Informed choice is important for screening, but not everyone wants or is able to analyse research data. Vikki Entwistle and colleagues propose a new approach to communication

People are offered a wide range of screening tests by diverse providers. For example: maternal and child health services screen for genetic conditions and developmental problems; general practitioners screen for cardiovascular risk factors; NHS programmes screen for bowel, breast, and cervical cancer; and commercial providers offer various health assessments, including body and gene scans. Provision of tests is not well regulated, and there is a bewildering amount of information of variable accuracy in the public domain.1

It is unclear how healthcare providers should communicate about screening in order to support appropriate uptake.
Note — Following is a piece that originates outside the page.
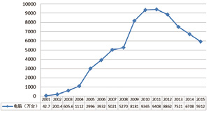 在电子消费品中的个人计算机领域,江苏是外资企业尤其台湾企业“扎堆”区域。由于外资电子信息制造企业登陆江苏的高峰期(即2005年到2011年),正处于电子信息产业笔记本电脑替代台式电脑高峰期,因此,外资企业在江苏选择以布局笔记本电脑制造基地为主。江苏电脑生产量经历了由低到高、再从高到低的过程,有两个方面的原因。一方面,因全球智能手机时代到来,消费电子产品市场需求热点已由笔记本电脑转移到了携带更为方便且具有笔记本电脑上网、玩游戏、发送信息等相同功能的智能手机。2011年江苏电脑产量达到历史最高峰9408.2万台后,一直处于下降过程中。另一方面,2011年重庆、四川成为笔记本电脑生产基地后,分流了江苏电脑相当部分市场份额,尤其渝新欧定期快速班列的开通,欧洲电脑市场需求大部分转移到由重庆、四川提供,江苏电脑产量被四川、重庆超过。

And what constitutes appropriate uptake is also contested because of disagreements about the merits of particular tests and tensions between concerns to promote health and to respect autonomy.2 3 4 Debates about communication have tended to consider two types of approach, which we call “be screened’ and “analyse and choose.” We consider their problems and propose a third approach, “consider an offer.”

Be screened

The be screened approach aims to persuade people to have screening, usually with a view to promoting health gain, cost effective service provision, or profit.2 3 4 Its key features are encouragement to be screened; an emphasis on the benefits of screening and de-emphasis of potential harms; and a lack of recognition that it might be reasonable not to be screened.

This approach is found in commercial advertisements and some invitations to participate in government funded screening programmes. For example, the leaflet Breast Cancer: the Facts, from the NHS Breast Cancer Screening Programme presents screening as necessary for women aged over 50.5 It asks, “Should all women have breast screening?” and gives no hint of …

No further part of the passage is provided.